Man me fingers are starting to hurt 

You lot go easy...i'm going to go have a coffee.



Roguepink said:


> Oooooooooooohhhhhhhhhhh.............!!! Okay, I'll be good. I promise.


Fair 'nuff, i'll keep going then


----------



## robiwon (Oct 20, 2006)

Thanks Raytheon, that's what I was thinking. What an awesome build!


----------



## fiercegaming (Jul 21, 2004)

> Fierce: Not a circuit as such, the nav/strobe thing has one but that is a old one based on a design done by a good friend of mine many years ago. I belive it's very much like the DLM federation flasher kit only his is most likely way better than anything i could ever come up with.

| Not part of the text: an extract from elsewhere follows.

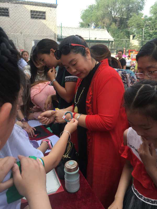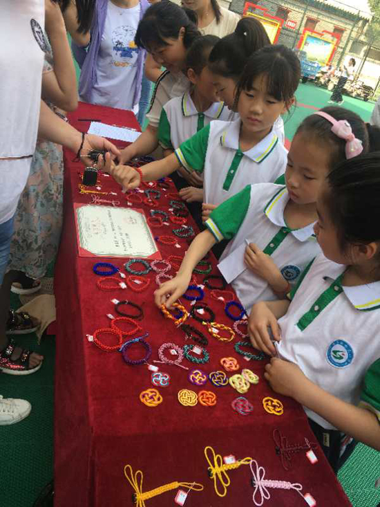 5月25日上午,沈丘縣中國(guó)結(jié)第七代傳承人李海花走進(jìn)槐店鎮(zhèn)回民小學(xué),和學(xué)校“中國(guó)結(jié)”手工編織興趣班的20名學(xué)生舉行“愛(ài)心義賣,情暖校園”主題活動(dòng)。不到半小時(shí),100多件作品被搶購(gòu)一空還預(yù)定了很多。據(jù)悉,這次義賣共得到1200余元,將全部捐給“槐店鎮(zhèn)中心學(xué)校教育基金”,用來(lái)資助該鎮(zhèn)經(jīng)濟(jì)困難師生、獎(jiǎng)勵(lì)優(yōu)秀教師和學(xué)生、資助教育教研等重大活動(dòng)項(xiàng)目。
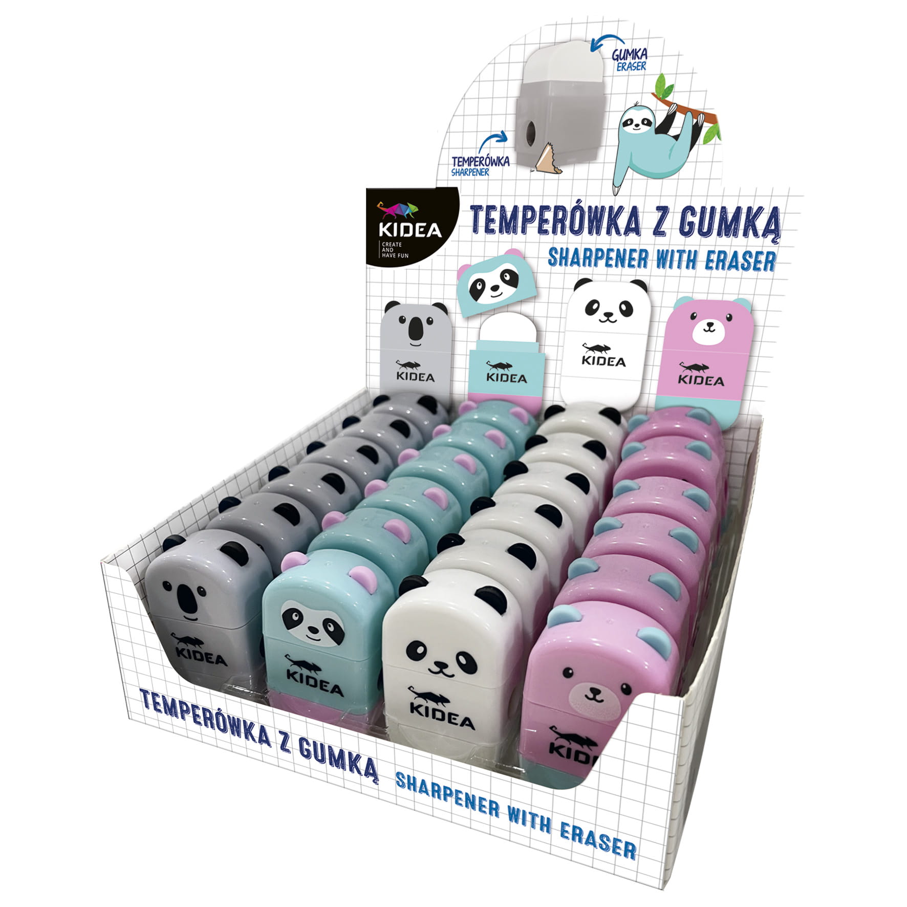 Urocza temperówka z gumką w kształcie słodkiego misia. Do wyboru aż 4 wzory i pastelowe kolory: panda, leniwiec, miś i koala. Produkt 2 w 1: składa się z miękkiej gumki oraz temperówki z bezpiecznym ostrzem i pojemnikiem na ścinki. Temperówką naostrzysz kredki i ołówki o standardowej grubości, a gumka bardzo dobrze wymaże i skoryguje rysunki nie niszcząc papieru i nie rozcierając pigmentu. Idealnie sprawdzi się w szkole i przedszkolu, ale także podczas kreatywnych zabaw w domu. Jej najważniejszą zaletą jest poręczny rozmiar, który bez problemu zmieści się w piórniku.

That toggle switch box, is a very good idea, very nice! Anyway, where did you end up putting the circuit for the strobe lights, maybe you said, I just didn't catch it. That is a really nice build though, wow, one of the best I have seen, for real.


----------



## Guest (Feb 1, 2007)

Right then Fierce, the circuit i refer to is mounted in the stand box, you can see the blue wiring terminals on the right in this pic...

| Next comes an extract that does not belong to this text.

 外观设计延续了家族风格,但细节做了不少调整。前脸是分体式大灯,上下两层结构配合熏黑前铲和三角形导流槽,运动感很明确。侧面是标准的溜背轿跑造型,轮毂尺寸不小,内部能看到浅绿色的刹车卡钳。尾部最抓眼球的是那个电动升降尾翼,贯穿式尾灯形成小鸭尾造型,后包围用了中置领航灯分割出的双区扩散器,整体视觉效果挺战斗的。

That board handles both the strobe and nav lights, powered by an ordinary 9v battery.

Go easy.


----------



## fiercegaming (Jul 21, 2004)

Thanks Raytheon, that's a good idea. I kind of figured thats probably where you put it. Take it easy yourself, especially after that build 

-Fierce


----------



## Guest (Feb 2, 2007)

*Journeys End*

Greetings Gang :wave: 

Well i be done and done.
Final update part 4 at the very bottom of page 22. 

And the finished gallery ! 

Not the best of photography and does show some very rough spots but warts and all, this is how it is.
A vid will be forthcoming at some point in the near future.

It's been quite a stroll, enjoy folks.

Go easy one and all 

Raytheon


----------



## 1711rob (Mar 15, 2006)

WOW i've been following this build like everybody else,and i must say my hats off to you sir, AWSOME job.i am getting ready to start my 2nd PL350 and i hope to add some lights and attempt the aztek paint this time uusing the A/D templates,your build makes me want to get this one better than my 1st one.
again AWSOME build.


----------



## Raist3001 (Oct 23, 2003)

Ray,

Congratulations on your completion my friend. A fantastic build I was honored to watch from start to finish. Thanks a million for taking the time to answer some questions for me. I'm sure there will be many more. 

You go easy now and take some much deserved and needed time off


----------



## Prowler901 (Jun 27, 2005)

Ray,

Hats off to ya mate! :thumbsup: Thanks for sharing your build with us. I've learned a lot from seeing yours. And, I love your sense of humor in your writing. 

Regards,
Todd


----------



## Guest (Feb 2, 2007)

Glad you like it troops !

Tony: you better belive it on the time off, i think a weekend of slumming it is in order.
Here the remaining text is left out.